Smartphones have accelerated the amount of consumerisation. You definitely know some people who have been provided a mobile phone from their employer, and the same individuals also have a smartphone on a personal contract. They will then use their personal phone to check their work email because they prefer their personal device.

This grey area of using personally-paid-for devices is a real issue for IT departments at the moment because of lack of standardisation (having to support iPhones, Android, BlackBerry, Nokia, etc.) and security risks.

Consumerisation isn’t limited to hardware either. I use Outlook 2010 at work, and mainly Google Mail for personal email. New features on Google Mail are appearing regularly. One of my favourites is if you type “I have attached the document” inside a GMail email and press send before attaching a file, Google gives you an alert to ask if you want to attach a document. Brilliant. I wish Microsoft had built the same functionality to prevent me forgetting to attach a file in Outlook.

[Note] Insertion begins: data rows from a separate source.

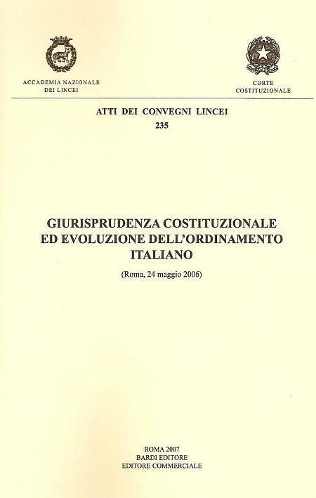 Giurisprudenza costituzionale ed evoluzione dell'ordinamento italiano, Roma, Accademia Nazionale dei Lincei, 2008
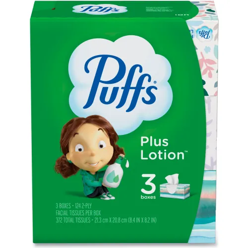 Puffs® Plus Lotion Facial Tissue, White, 2-Ply, 124/Box, 3 Box/Pack, 8 Packs/Carton
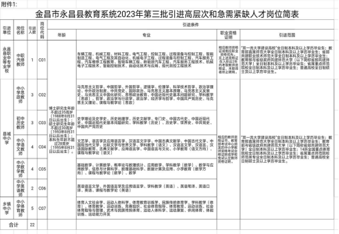 永昌县教育系统2023年第三批计划引进高层次和急需紧缺人才共22名,具体岗位和条件详见《金昌市永昌县教育系统2023年第三批引进高层次和急需紧缺人才岗位简表》(附件1,以下简称《岗位简表》)。
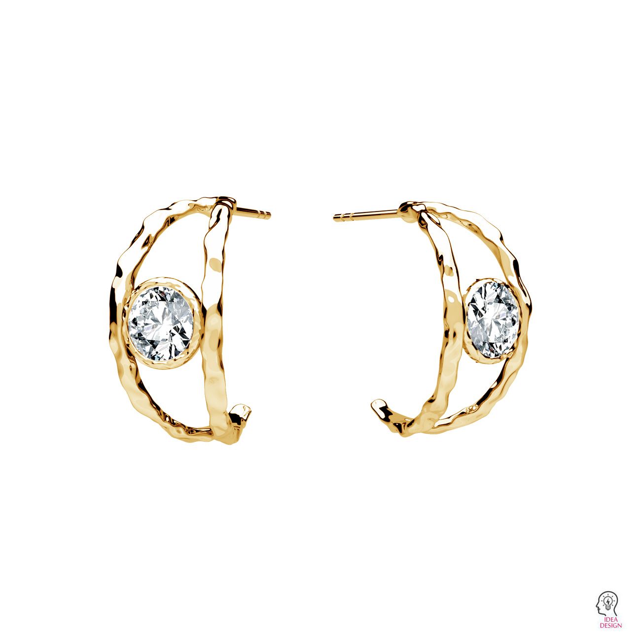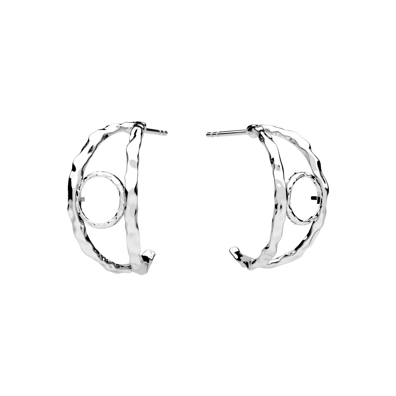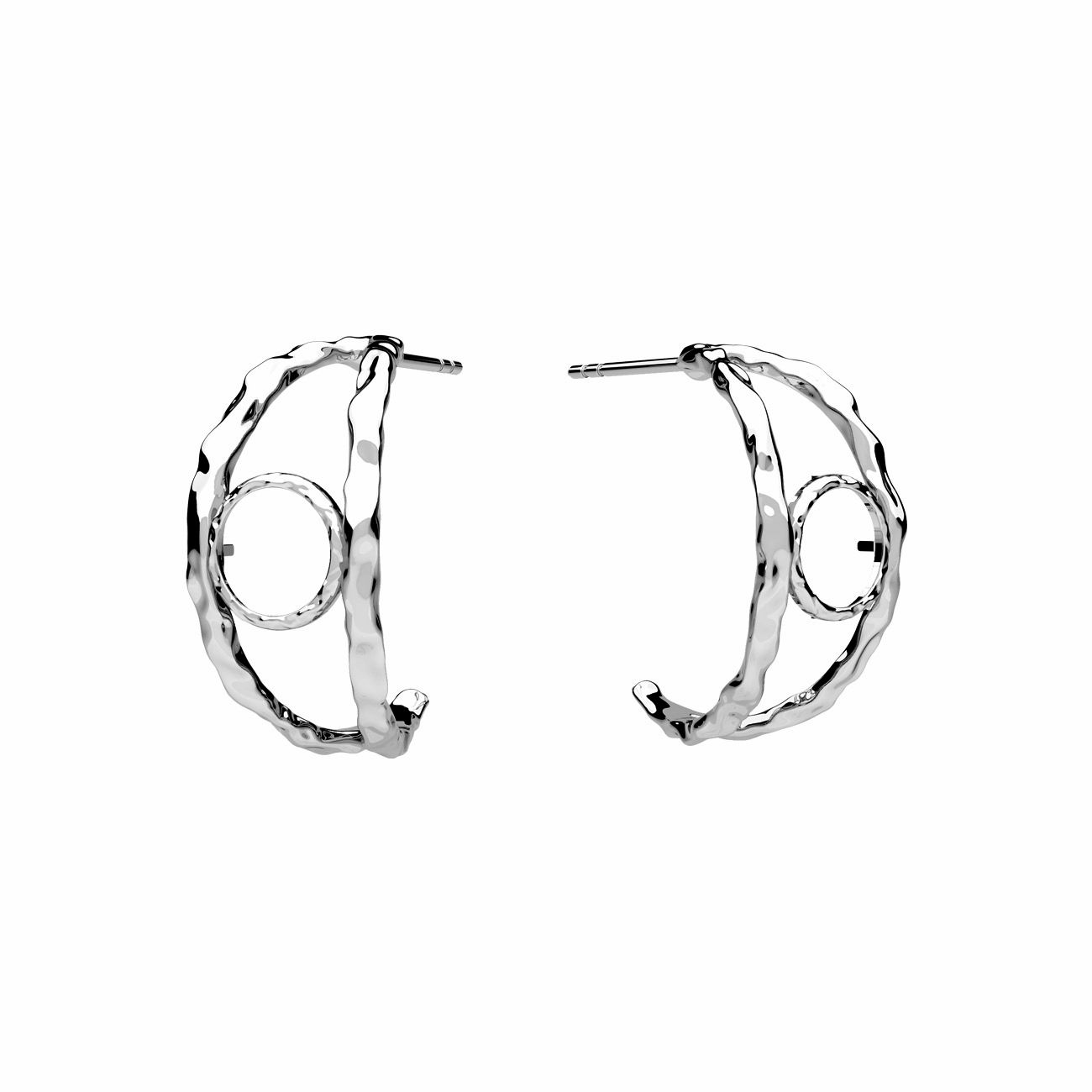 Puzetová náušnice - půlkruhová, lůžko pro kulaté přírodní kameny, kužel 6 mm, stříbrný AG 925
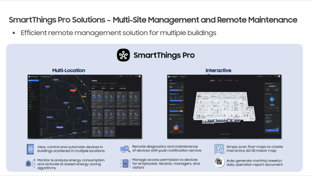 รวมถึงการจัดการในอาคารที่พักอาศัย (Residential Buildings) เช่น คอนโดมิเนียม อพาร์ตเมนต์ บ้านเดี่ยว และอาคารพาณิชย์ (Commercial Buildings) เน้นการจัดการพลังงานด้วย AI-Based ยกระดับการจัดการทรัพย์สิน และสร้างประสบการณ์การอยู่อาศัยที่ทันสมัย นอกจากนี้ SmartThings Pro ยังตอบโจทย์การใช้งานในธุรกิจขนาดเล็กถึงขนาดกลาง

In fact Google understands consumerisation on a new level. GMail and Google Docs started their lives as consumer tools and then became available as white labeled enterprise tools (a matter of opinion) for businesses. And there’s recently been a lot of commentary about Google refusing to let businesses on to their new social networks – they want end users on there first.

Technology is continuing to become more consumer-focussed, which means we’ll use more of our personally-paid-for technology in our working lives. As my post earlier this week demonstrated, once we start checking our work calendar on our bathroom sink as soon as we wake up, the grey line will been very broad indeed.